Posing – inspired by three real stories. A housewife, a Yalestudent, a Chicagobroker: an interview. Of course: never, ever is something free and has to be payed. The stockbroker (her answer to her colleagues: "I pose for Playboy when you've posed for Playgirl") loses her job and is for ever on the black list. The same for the housewife: punished that she dared. The family business will never be 'after' what it was 'before'. The Yalestudent, against Playboy what it stands for and does, is banned by her professor-father, forbidding the publication His 'perfect' daughter answers: "It's too late". When she confronts him, why he doesn't answer her calls: "I don't take calls from strangers
("I'm your daughter, not a stranger") "
Not anymore. You are not a daughter anymore of mine." The stockbroker (behind her success-career is ' the fat schoolgirl') loses her work and wins love. The same for the housewife. For one single day she is not looked at. But seen and special: "I was flattered, who would't be" – not taken for granted as a furniture in her house, by neighbors and dear friends. Why did these three women do what they did? Beside their very own reason, being neglected of what they are, want to be and are not: they where pushed by society to do what the did. "But", as Janets mother asks, "there must be another way" and Janet: "Maybe, but it didn't come along." They saw suddenly a way out of their one-way-street: and made the deal with Playboy's devil. Society saw it as a joke, never believing they would do it. At stake was their image, their family, the career at work. The three turned the limelights beam on the veil. And the veil became transparent, everybody not looking but suddenly seeing behind. The settled every-day-housewife knew: with the birth of her children she was not special anymore, but 'a furniture' of the household. The success-money-broker, burdened by her image of the fat schoolgirl. And the Yale student remembers the five minutes that transformed her into the 'shining-perfect-example'. The moment at summer camp when her twin sister helped her stage frightened sister as a stand in: "It's amazing how five minutes can change a whole life." When, still against Playboy's values, she accepts their offered bait, she pretends the first moments to be her sister. The perfect Abigail, reconnects with her twin sister, sees herself on the same level, being suddenly imperfect. The housewife discovers that her husband subscribes Playboy. "For gods sake. I subscribe to a new magazine. What's the big deal. It's only a magazine". And to her friend: "Jimmy looks rather at a Playboy magazine than at me". As the other two, she knew that she crossed the line and had to pay - would she do it again? Without family: she would. Society's values, the values of the white, the normal, the values of men – the boy's club. The housewife to her boyish husband: "You look at me and do not see me. Where is the promise for better and worse?" Her best friend, believing all is a joke, that she never would do it, asks what choice they have as married women: if you choose this you must sacrifice that.

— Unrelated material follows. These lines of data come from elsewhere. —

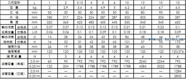 A101337 | 貯存型液氮生物容器:幾個容積L:10.0;空重kg:6.2;口徑mm:50;外徑mm:303;高度mm:530 ;靜態液氮日蒸發量l/d:0.18;靜態液氮保存期d:101;提筒外徑:mm:38 ;提筒高度mm:120 ;提筒數量:6 ;細管容量(單層)0.5ml和0.25ml:792和1788;品牌:中國 | 1 | 2025 | 洽詢 | 備注 | |
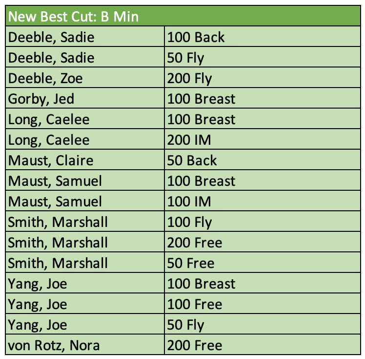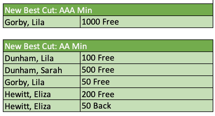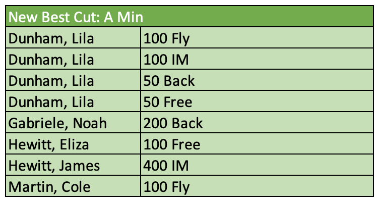 There were 45 new motivational cuts achieved from B through AAA. Those swims and swimmers are called out below. Great meet, everyone!! We hope you all had fun and were encouraged by your times over the course of the weekend.
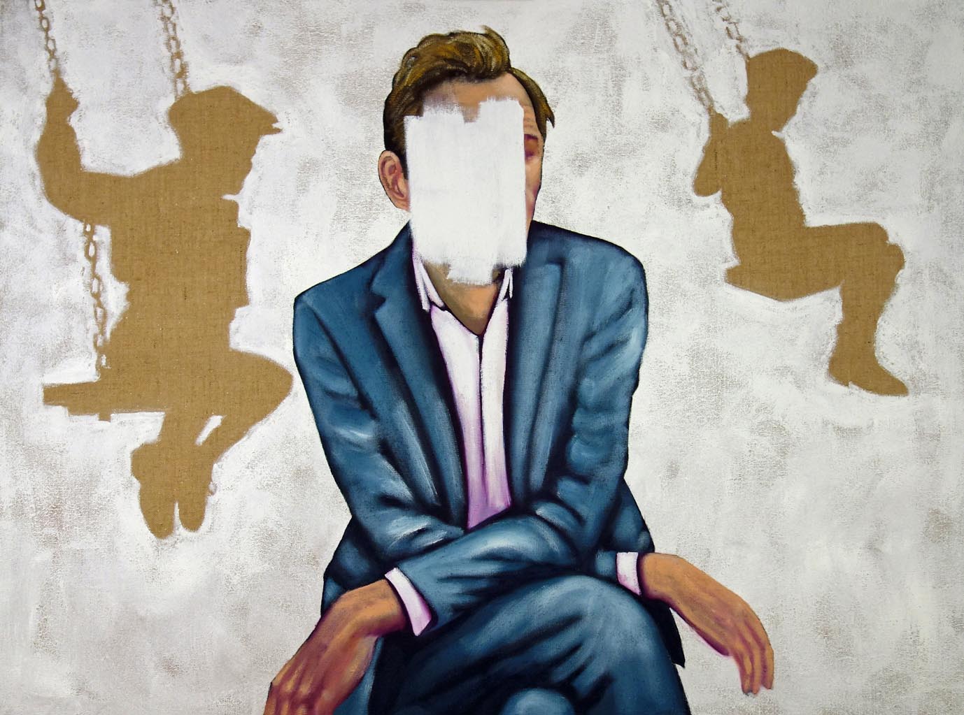 riconoscimento caratteriale ed espressivo. Le sue cancellazioni gentili sembrano alludere al processo di omologazione che pervade la società contemporanea che cerca di annullare le differenze che però restano marcate nello stile e nella posa dei protagonisti. Quasi uno specchio su tela da cui viene fortemente stimolata una riflessione più ampia su quel che resta di ogni vita e su quello che può valere di più nella memoria, se i gesti compiuti o le fattezze del viso. Una memoria, sottolineata da un’ombra decisa, che comunque rimane protagonista, anche se al di fuori di una classica riconoscibilità.

The message: when the stockbroker tells her mother what her daughter has done. "Why didn't you ask for the 500 dollars?" "Five hundred dollars I make at work in five minutes. I did it for me. Just for me." Her mothers values are questioned: "What do you want of me, my approval? Well, I can't give you that." And when her daughter asks for her just-once-understanding her mother, she herself an exploited piece of furniture, answers: "Alright. Help me understand." Her boss at work: "I'm not firing you; even if I want. I do not need a lawsuit. I don't think you are very happy working here from now on." Easy are other instruments that she quits of free will. Janet admits that she has today a better sense as a woman, that she had the courage to tell Michael what she wanted.
And that she knows: "The rules for men and women are very different. I learned it the hard way."
Described by Slavoj Zizek. It is the obscene other side, the dark side of the Superego. Rob Reiner has it in the movie A Few Good Men. Everybody knows the red code. But not allowed to pull it into daylight. Used when the ethic code of togetherness is in danger. The official, written Law vs the 'obscene' unwritten Law - the spoken traumas sound of the Superego. For a short moment the three "Few Good Women" limelighted the Behind behind the veil.
Disregarding the French Civil Code Book (1804) § 340 Scrutiny as to paternity is forbidden... But: ... § 341 Scrutiny as to maternity is admissible.The (fe-) male director Stephen Stafford, ends the TV-play with the following text "Altough inspired by three true stories, certain characters, names, places and events have been created or altered for (male) dramatic purposes."
Seeing recently, September 2015, the movie again together with my Colombian sister: we believed that the 'hollywoodending' was needed but: ... not necessary.